One possible direction this data could go would be to expand the current dataset to gain a much longer view of the ups and downs of log market prices. This could go both into the future and into the past, but work would have to be done to adjust prices relative to the current year’s level of inflation. It would also be interesting to compare the data against other states’ logging information, Federal logging information, and the logging information of other countries.

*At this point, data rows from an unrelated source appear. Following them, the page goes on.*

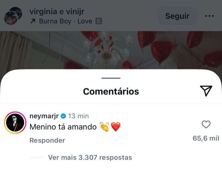 A reação dos famosos também foi um espetáculo à parte. Neymar Jr., grande amigo de Vini Jr., foi um dos primeiros a comentar o post do pedido. Ele deu sua bênção ao casal e ainda soltou uma brincadeira característica. A mensagem do astro do futebol arrancou risadas e ganhou destaque nos comentários, mostrando a cumplicidade entre os dois jogadores.
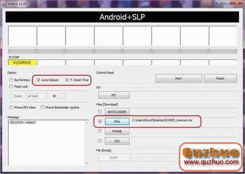 在PDA按鈕前打上勾,然後選擇XWKDD_insecure的壓縮包,並確保只是勾選了“Auto Reboot”、“F.Resrt Time”、“PDA”這三個選項;
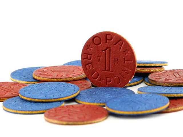 Office of Price Administration point tokens, blue and red food ration tokens, 1944 Primary Source ID EF.05.02.A
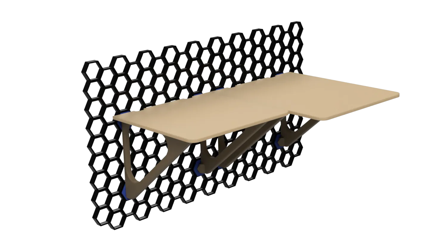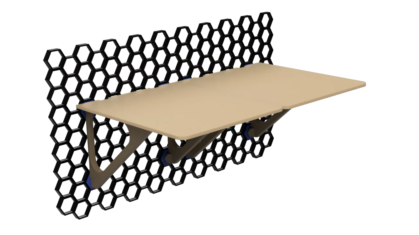 Kệ phẳng lớn cho Honeycomb Storage Wall (remix từ bản Multiboard), có 2 độ sâu 200mm/150mm, rộng 163.41mm. Ghép ngang để thành kệ dài, có lỗ đi dây và kèm profile BambuStudio 3mf.
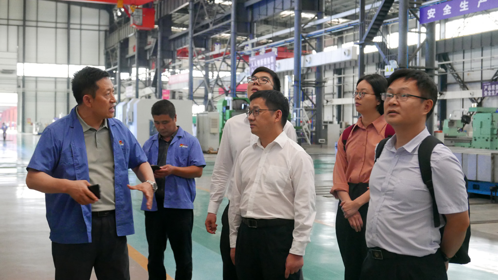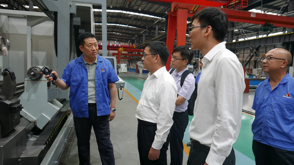 在星火公司生產現場,劉勝向陳新文一行詳細介紹了公司發展歷程、產品種類、加工能力、技術創新、未來發展規劃等,并陪同參觀了公司研發生產的各類大、重型機床,復合材料纏繞設備等。
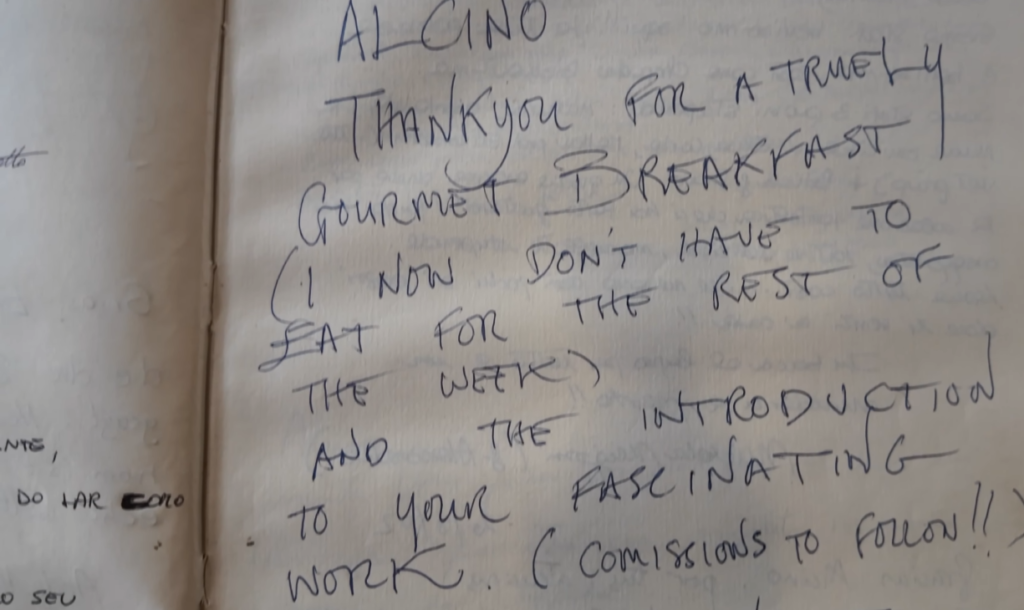 Elogio registrado por Jimmy Page no livro de visitas da Estalagem do Alcino. O texto declara que ali é servido um verdadeiro café gourmet e sugere que pimentas sejam adicionadas aos ovos mexidos. Foto: Lucas da Chapada.
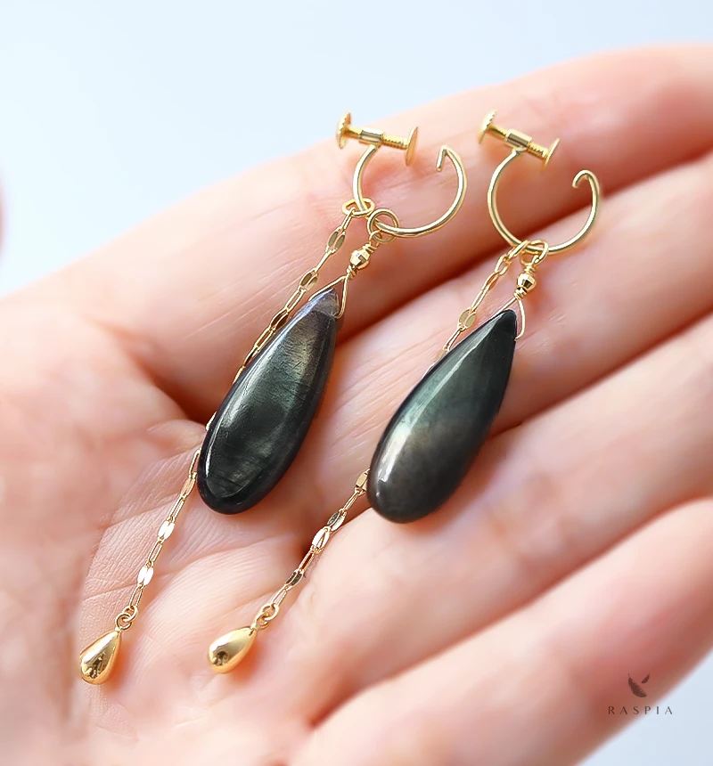 スペクトロライトの深い黒とのコントラストの美しさが最大限に引き立つようにしました。北極のオーロラを思わせるスペクトロライト、そしてさり気なくあしらわれたK18のカットビーズは相性がよく、上品で可愛く耳元で揺れます。
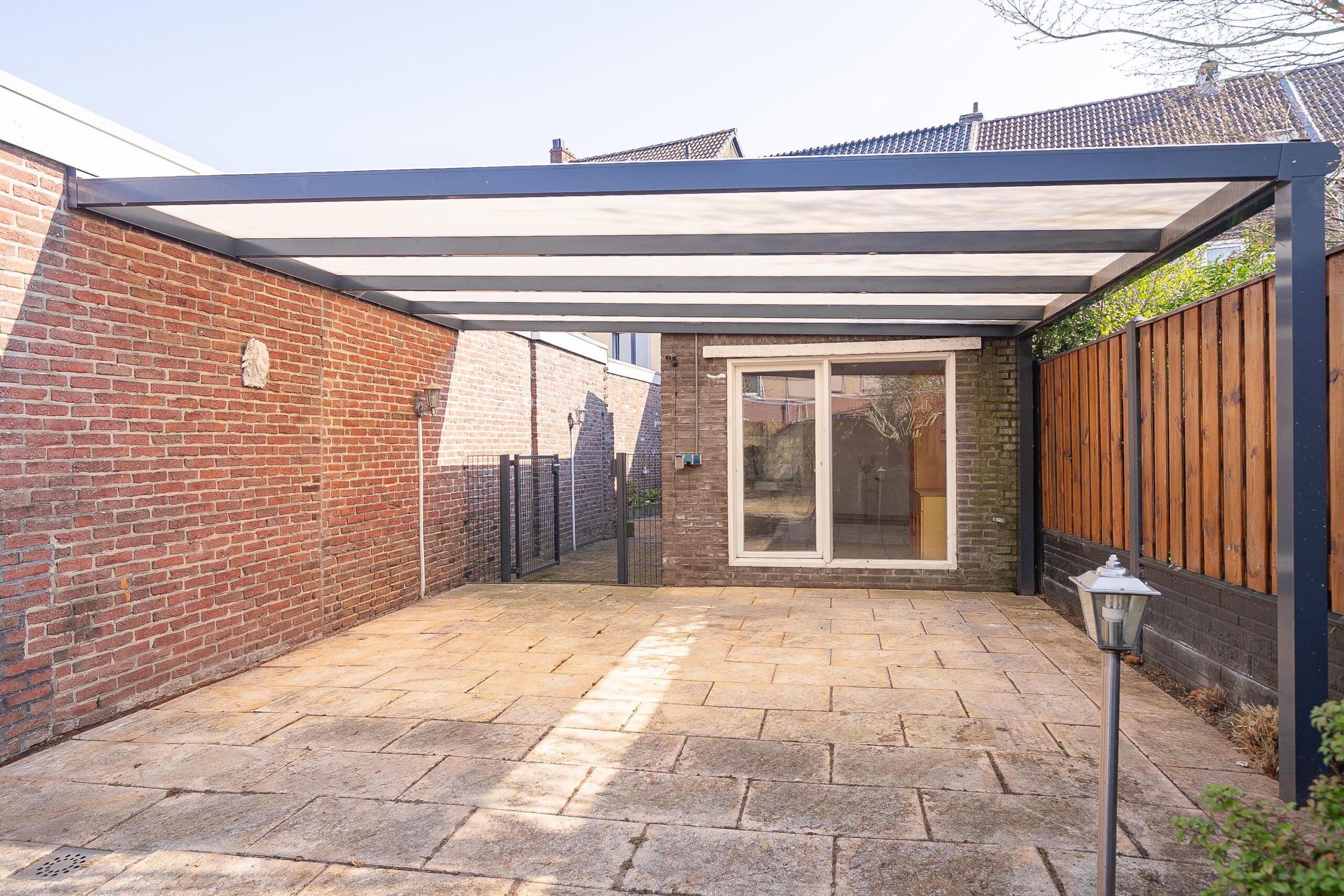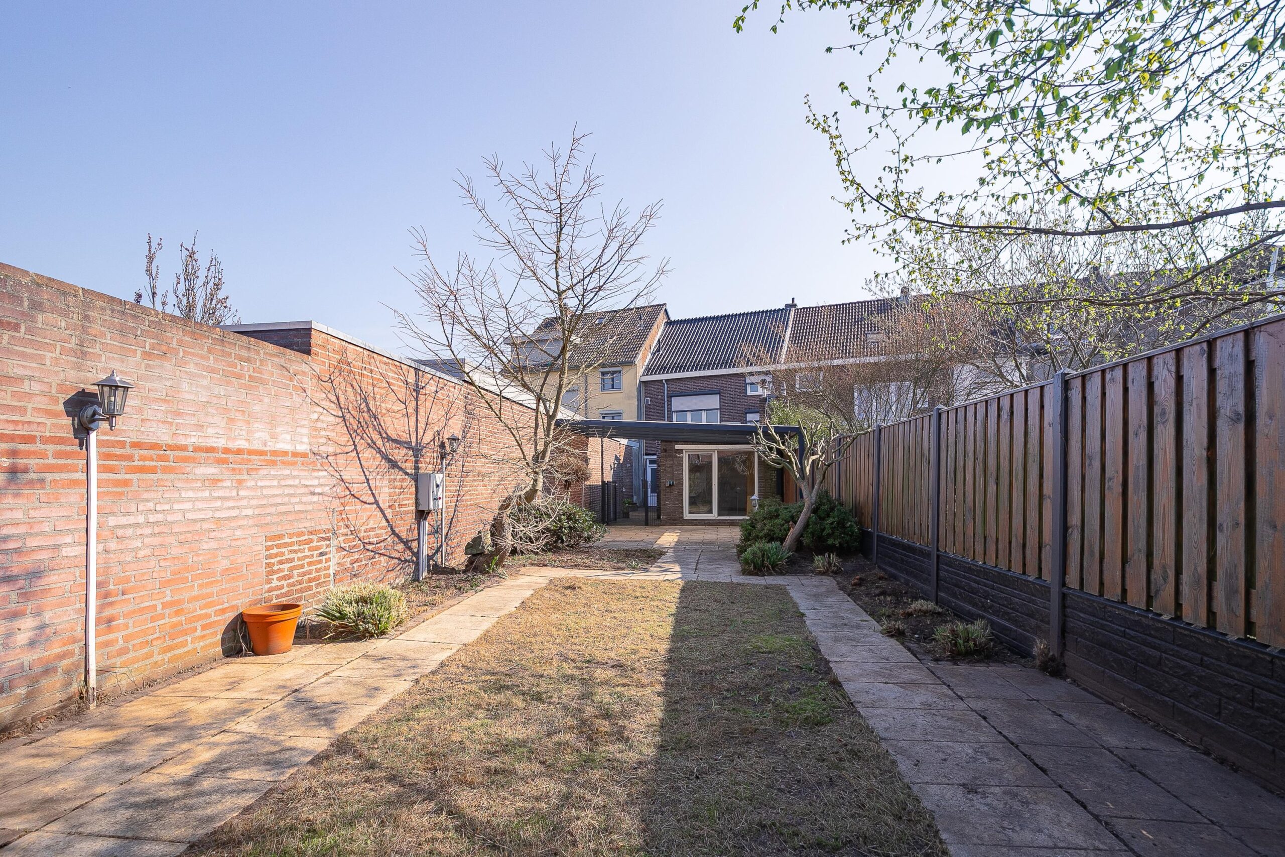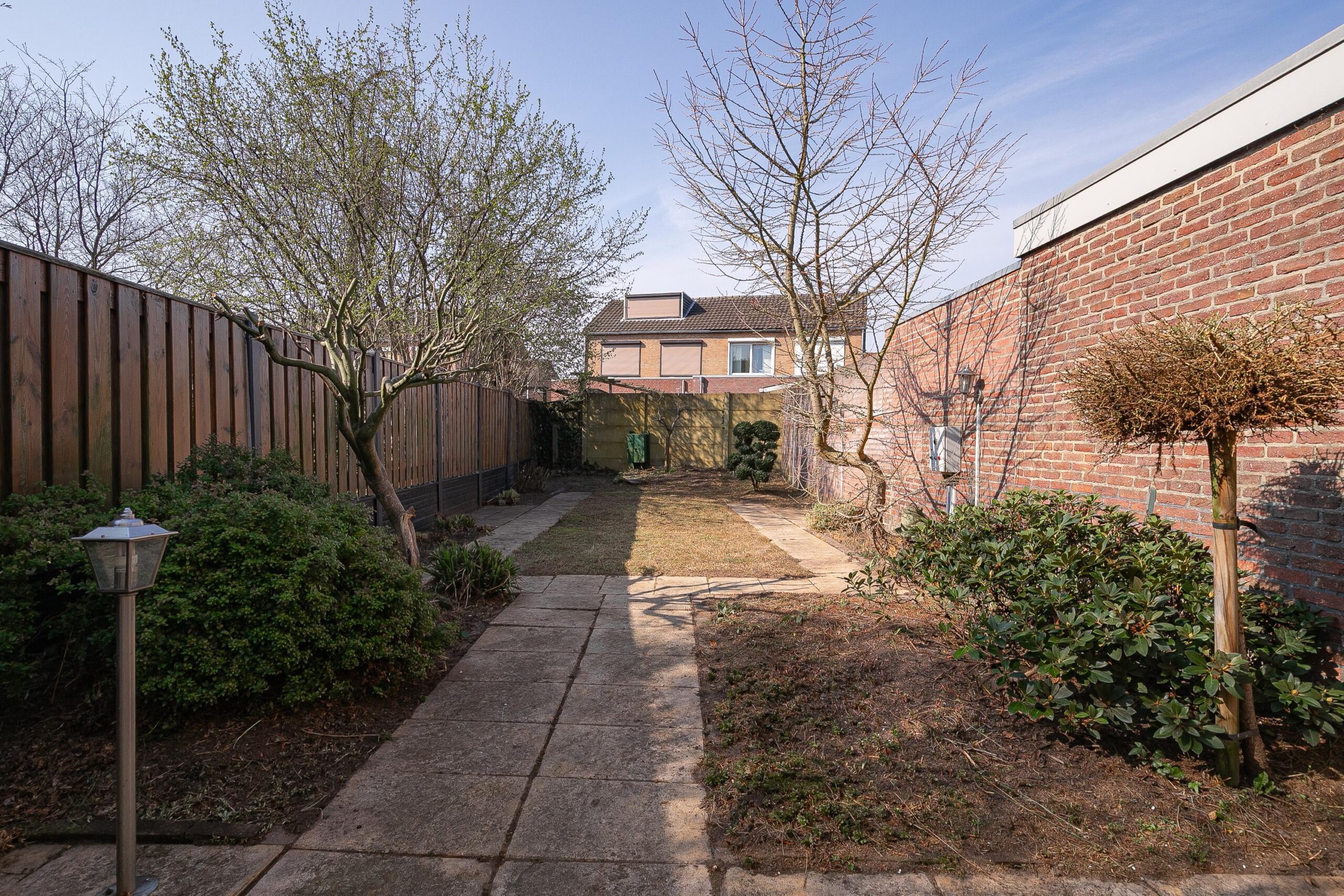 Via de vooringang, dubbele openslaande tuindeuren in de woonkamer, de verdeel en de keuken te bereiken, geheel omsloten, zonnige en grotendeels onderhoudsvriendelijke achtertuin. Aan de woningzijde bevindt zich een prettig terras. Het tweede gedeelte van de tuin is middels een tuinpoort afsluitbaar en beschikt over een tweede terras met aluminium terrasoverkapping. Achterin de tuin bevindt zich een klein gazon en is de tuin deels beklinkerd en deels fraai aangeplant.
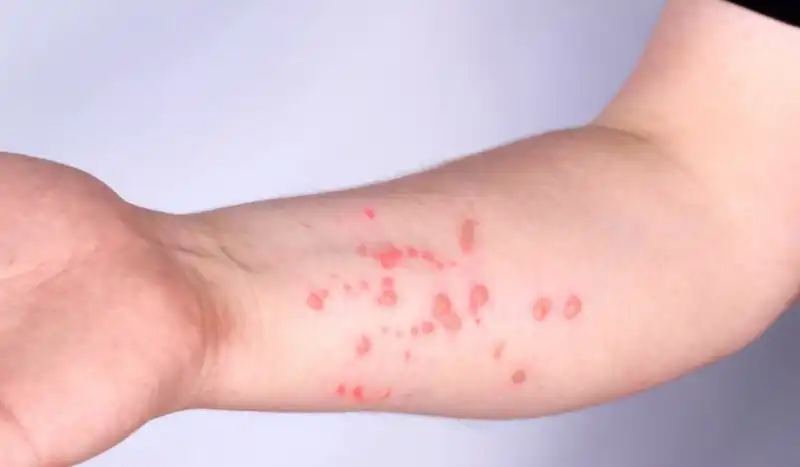 A sintomatologia é diversa, com presença de febre, aumento dos gânglios linfáticos, dores pelo corpo, mas o que define a suspeita são as lesões de pele, chamadas vesículas, similares às lesões causadas pelo herpes ou catapora, frequentemente com uma depressão central (“umbilicalicação central). Essas lesões podem estar presentes no local de inoculação, ou seja, nos casos de infecção por via sexual em genitália ou região anal, e ou em outras partes do corpo.
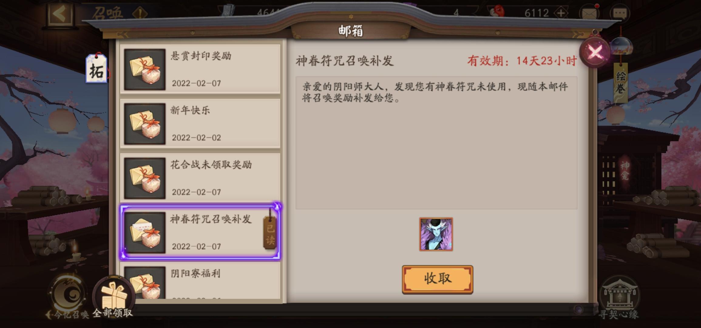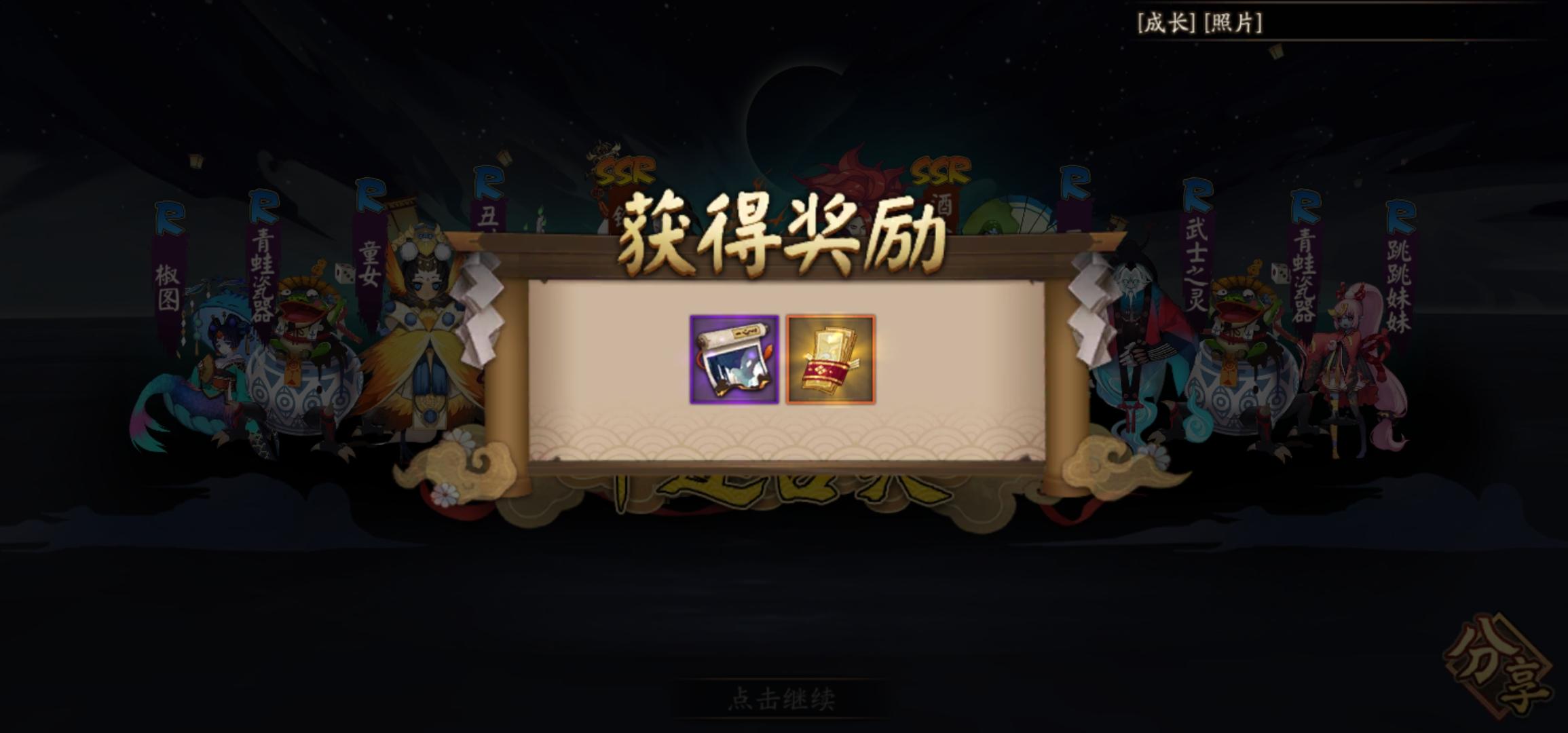 给大家来个承包你们笑点的事情,之前铃彦姬up,一次十连抽新式神和票子就出来了,然后因为全图了就没用,加上过年比较忙就一直没上游戏,然后最后符咒成了个这个😂
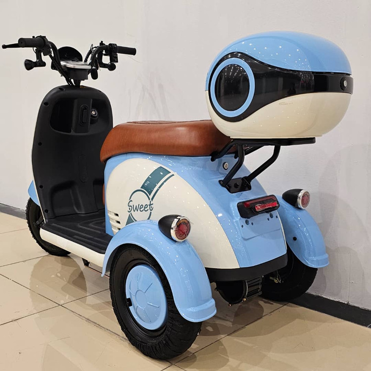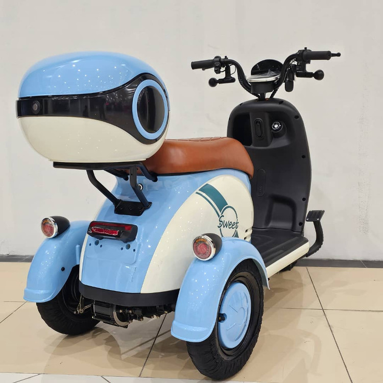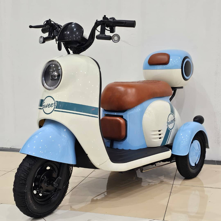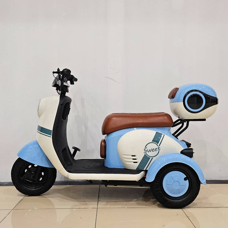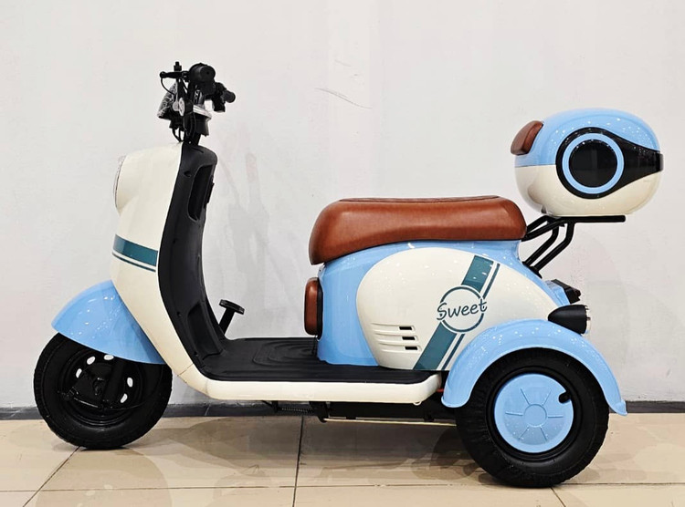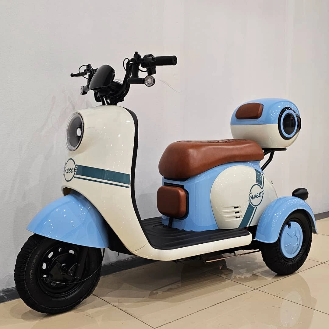 موتور سیکلت سه چرخه برقی بزرگسال VESPA ( سه چرخ برقی ) مدل HELLO رنگ‌ آبی ( موجود )

Finally, we just want to reiterate that the major problem we encountered was the lack of a proper weighting variable, due to the fact that we could not confirm what “Quotes” actually meant. It is highly likely “Quotes” is not truly representative as a weighting variable, due to the fact that one quote value does not indiciate how many logs are included in that one quote. However, having a number of quotes is better than no weight variable at all.

If Julie ever responds to us, it would be very interesting to see if the graphs change, depending on if we can obtain better weighting data. It is possible that we got very lucky with our current graphs, as they match our predictions and reflect historical ecnomic swings. However, in the future, it would be best to fully ascertain the meaning and weighting of all variables.